= Alban Thomas =

British librarian

Alban Thomas (1686-1771) was a Welsh medical doctor, librarian and antiquarian, who followed in his father's footsteps in supporting Welsh literature, being particularly associated with efforts by Moses Williams to publish Welsh-language manuscripts.

==Life==
Thomas was the son of a Welsh cleric, poet and translator, also called Alban Thomas, who was involved in a literary renaissance in the Newcastle Emlyn area at the end of the 17th century / beginning of the 18th century. Thomas (the son) was born in 1686 and matriculated at Jesus College, Oxford.
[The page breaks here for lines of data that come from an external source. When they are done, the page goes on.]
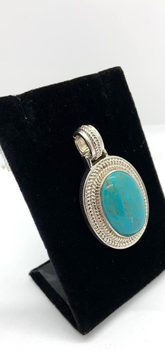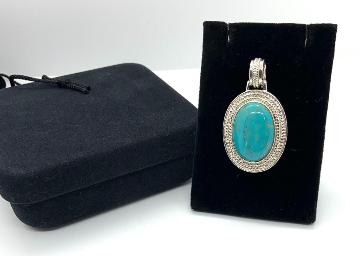 LOTJ213: New in box Beautiful Sterling Silver Turquoise Pendant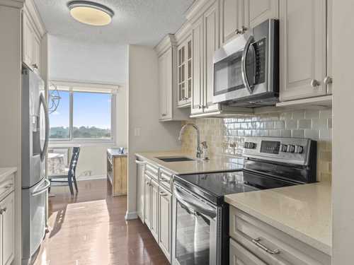 Opportunities like this don't come along often. This beautifully updated 10th-floor apartment offers stunning eastern (ESE) exposure, filling the home with natural light and bright, sunny mornings. Enjoy coffee or unwind on the enclosed terrace while soaking in the sunshine and peaceful views. The newly renovated white kitchen features stone countertops, stainless steel appliances, and a sleek, modern design that's both stylish and functional. Both bathrooms have been tastefully updated and feature attractive finishes that truly impress. The spacious living room and dining area provide the perfect setting for relaxing or entertaining guests. Generous closet space and additional storage make everyday living easy and convenient. Move-in ready and thoughtfully updated, this home checks all the boxes. Come see it in person or schedule a virtual tour. Homes like this don't stay on the market for long-don't miss your chance!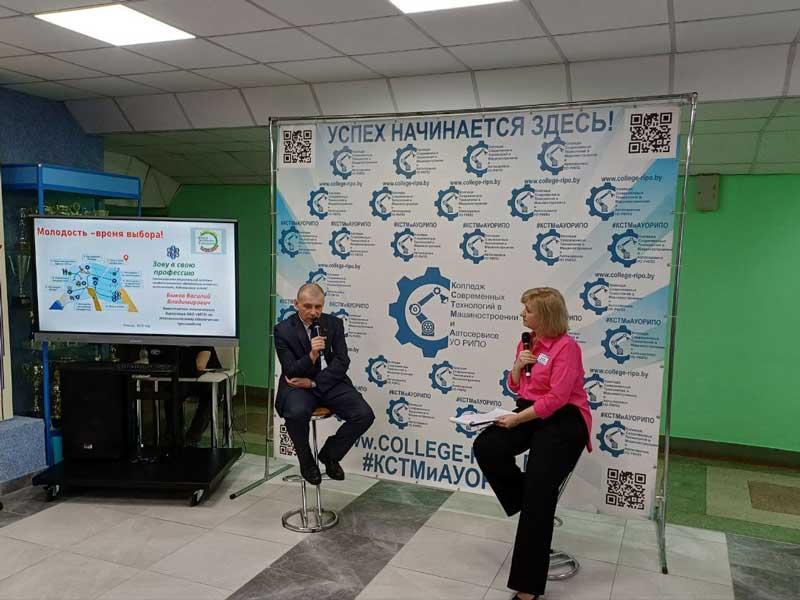 В филиале КСТМиА УО РИПО в рамках проекта "ШАГ", "Молодость –время выбора!Зову в свою профессию" прошла встреча с Быковым Василием заместителем технического директора ОАО "МТЗ" по технологическому обеспечению производств, выпускником филиала.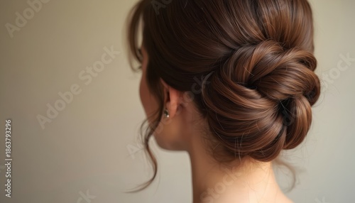 Woman with elegant brown chignon hairstyle. Smooth twisted hair bun styled at nape. Perfect bridal wedding updo or formal event coiffure. Studio portrait.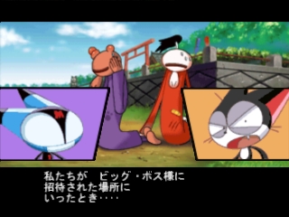 Kaettekita Cyborg Kuro Chan входит в серию бюджетных оригинальных игр для PSone от Konami стоимостью 3900 иен. В игре один или два игрока играют роль домашнего кота, футуристического кота или ронина-табби. Трио противостоит интересному сочетанию кошек-киборгов, японских духов, жирного маленького парня, который часто улыбается, и людей в кошачьих костюмах, и многих других. Кроме того, будьте готовы к битвам с боссами и многочисленным препятствиям на каждом этапе.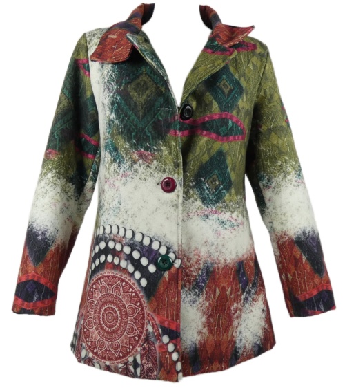 Dámský barevný vzorovaný pod/zimní flaušový kabát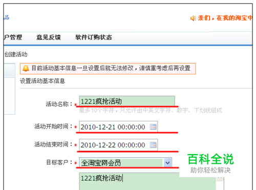 在系统弹出的提示框中,选择“确定”。 再次提示,一旦提交后,活动名称与时间就不能修改了哦,如果真的填错了,可以选择重新创建一个活动,重新设置。 下面给大家介绍如何设置参加活动的宝贝。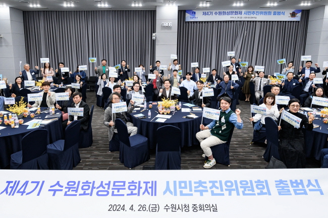 26일 제4기 수원화성문화제 추진위원회 출범식에 함께한 이재준 시장은“여러분이 적극적으로 아이디어를 내고, 시민들이 함께 즐길 수 있는 프로그램을 만들어 달라”며“시민들이 주인이 돼 축제를 만들어 가면, 수원화성문화제는 세계적인 축제로 발전할 수 있을 것”이라고 기대했다.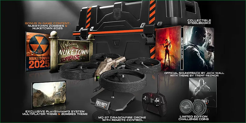 Как бы вы ни относились к «колде», не оценить мощь издания сложно. Помимо ставшего классикой стилбука со всякими саундтреками и дополнительным контентом создатели положили в черный ящик две металлические коллекционные медальки и главную фишку издания - радиоуправляемого дрона. Это вертушка, которая заряжается через USB и может летать по квартире, пугая вашу бабушку. Все это хранится в большом черном ящике, в котором без проблем можно запереть приставучего младшего братика. Издание в среднем стоит около 250 вечнозеленых. Но это фигня по сравнению с проблемой, куда убрать этот гигантский пластиковый саркофаг..
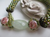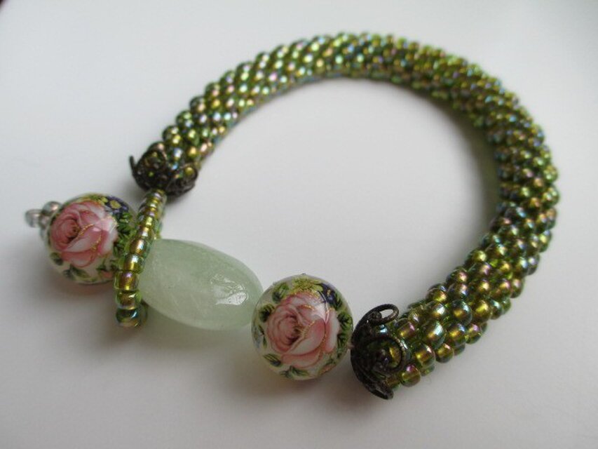 素敵な薔薇の転写ビーズと天然石(エメラルド)とをつなぎ合わせました。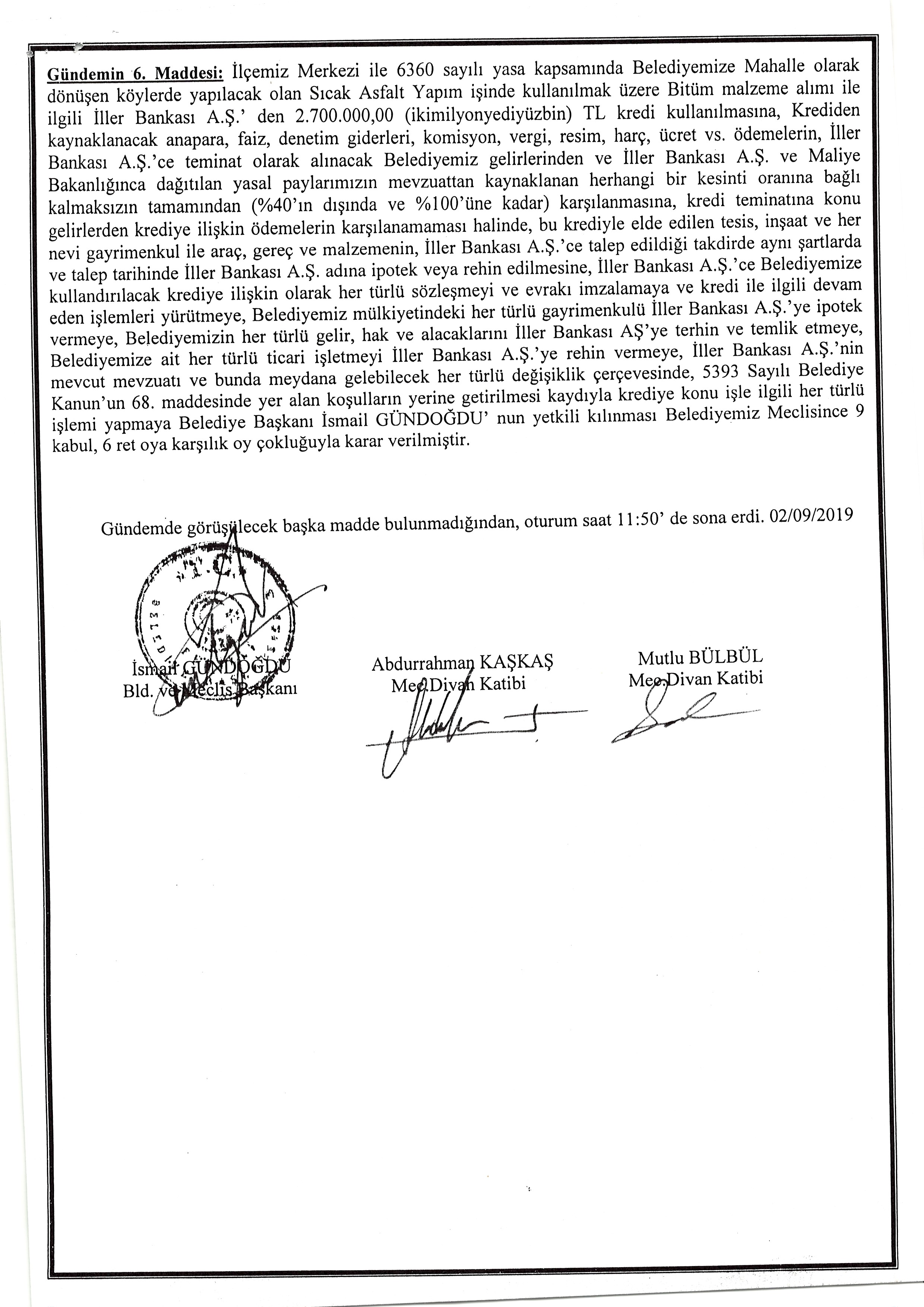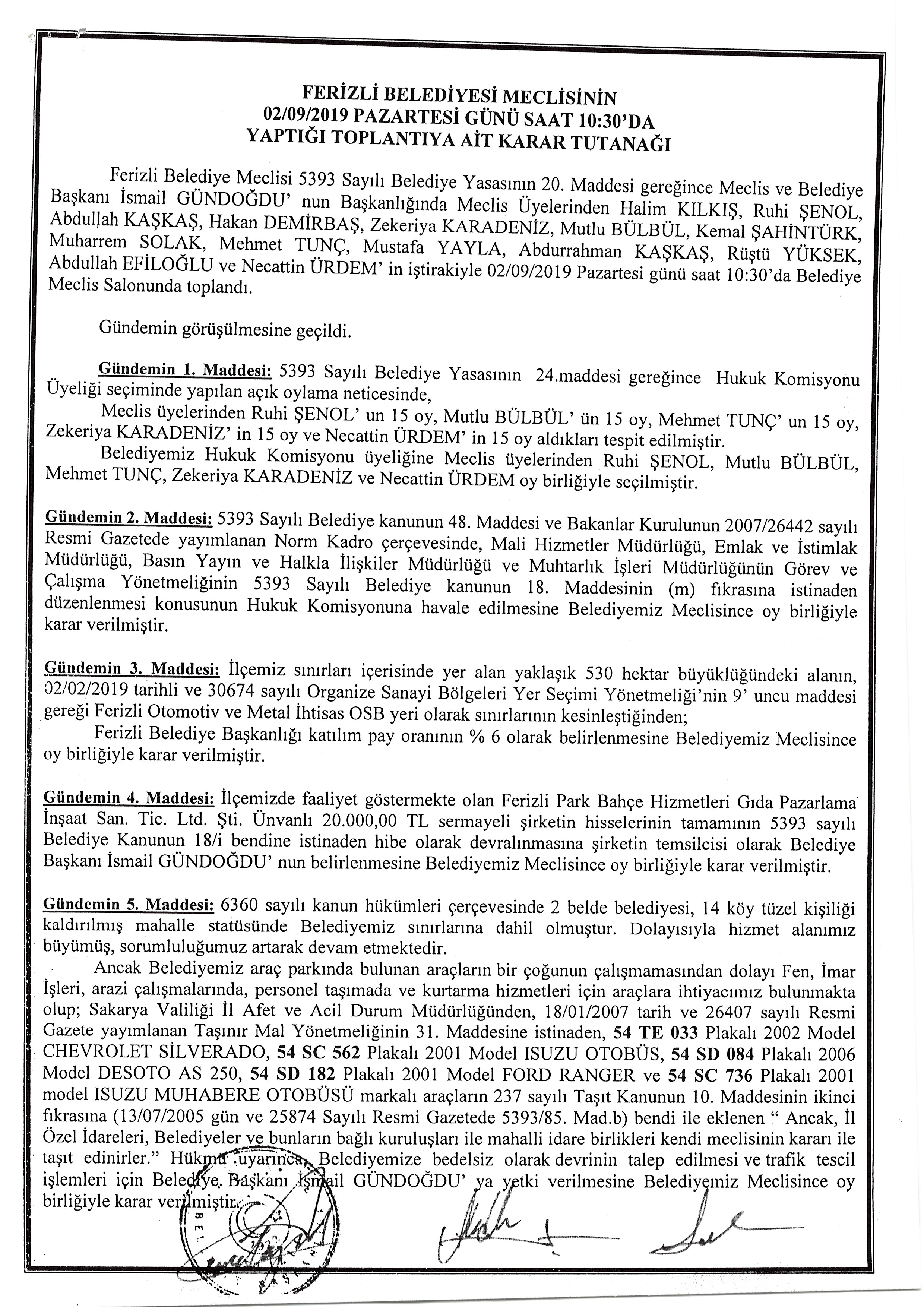 Ferizli Belediyesi Eylül Ayı Meclis Karar Özeti (02.09.2019 Pazartesi)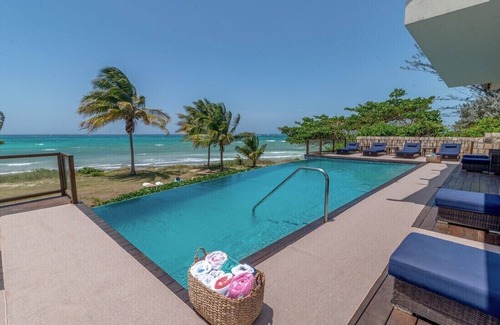 OMG! Book ONE WEEK and you will receive ONE COMPLIMENTARY ROUND TRIP AIRPORT TRANSFER FROM Montego Bay AIRPORT!! 7 BEDROOMS- BEACHFRONT! There's 24 hrs. security so your safety gated community is ensured as you leisurely walk along the long stretch of soft powdery white sands and turquoise clear water.
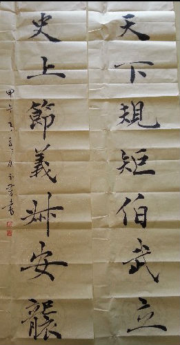 山东书画名家 房玉芳、深圳宝安书协主席李高扬老师 应邀所写书法“天下规矩 伯武立,史上节义 叔安袭。” 上联取自 东汉民间赞美 司空房植(字伯武)的歌谣“ 天下规矩 房伯武”;下联取自南北朝一贵人对 太守 房叔安的赞美之词“ 叔安节义,唯古人中求。”愿房家世世多出遵守社会公序良俗甚至引领社会风气的人才!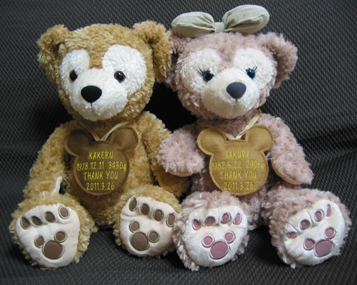 いままで、ダッフィー、シェリーメイ、トトロ、めいちゃん、スヌーピー、チップ&デール、千葉ロッテマーくん、モカ&プリン、ミッフィー、くったりコリラックマ、リラックマ、チェブラーシカ、ガチャピン、ココ&ナツ、スージーズーブーフ、チョッパー、猫、ブタ、バズライトイヤー、トイストーリエイリアン、阪神トラッキーなどいろいろなぬいぐるみをウエイトドールにしてお届けしています。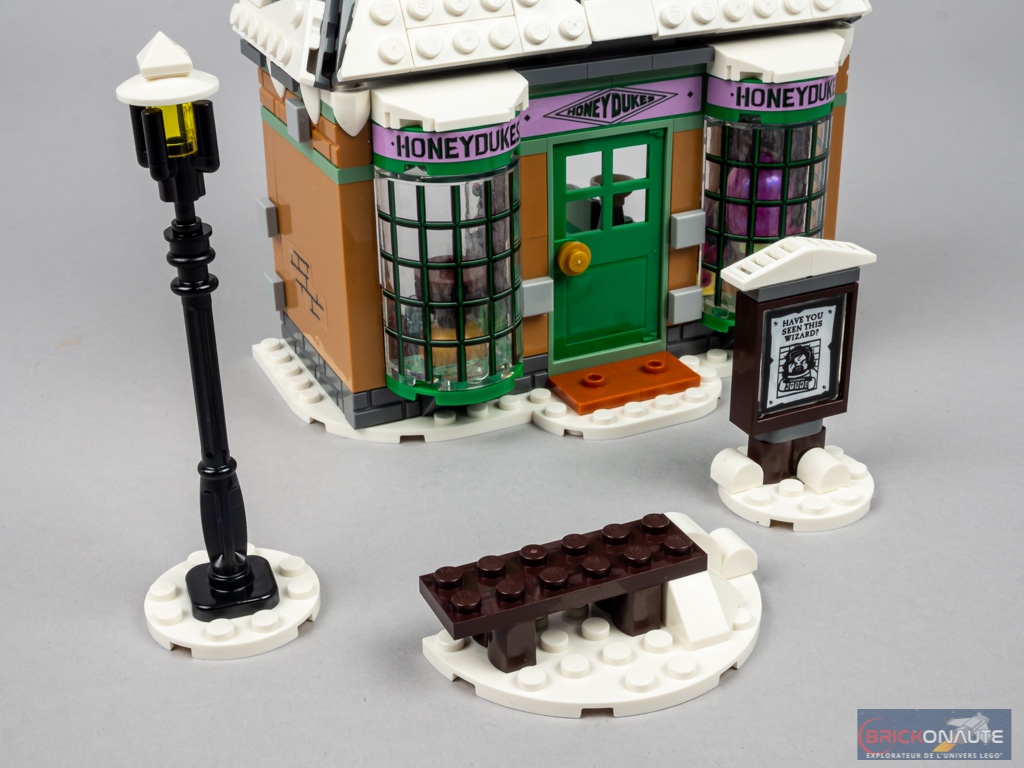 On notera tout de même qu’afin de proposer une boîte à un tarif raisonnable, leurs dimensions ont été adaptées : la confiserie Honeydukes aurait dû être plus large, et l’auberge Les Trois Balais plus haute. 3 « accessoires » sont malgré tout inclus : un banc, un candélabre et un écriteau portant l’avis de recherche de Sirius Black.

By 1708 he was librarian of the Ashmolean Museum in Oxford, and he was the assistant secretary of the Royal Society in London in 1713. He graduated with a Doctor of Medicine degree from the University of Aberdeen in 1719. His Aberdeen links led to suspicions in Government circles that Thomas was a Jacobite sympathiser, and Thomas had to stay away from London, where he practised, for some time after March 1722. Unable to resume his medical career in London on his return, he moved back to Wales and practised there until his death in 1771. He was associated with the attempts of the antiquarian Moses Williams to collect and publish material contained in manuscripts in the Welsh language, taking subscriptions in 1719 towards publication of Collection of Writings in the Welsh Tongue, to the beginning of the Sixteenth Century, to be printed in several Volumes in Octavo. Thomas himself published a List of Fellows of the Royal Society of London in 1718.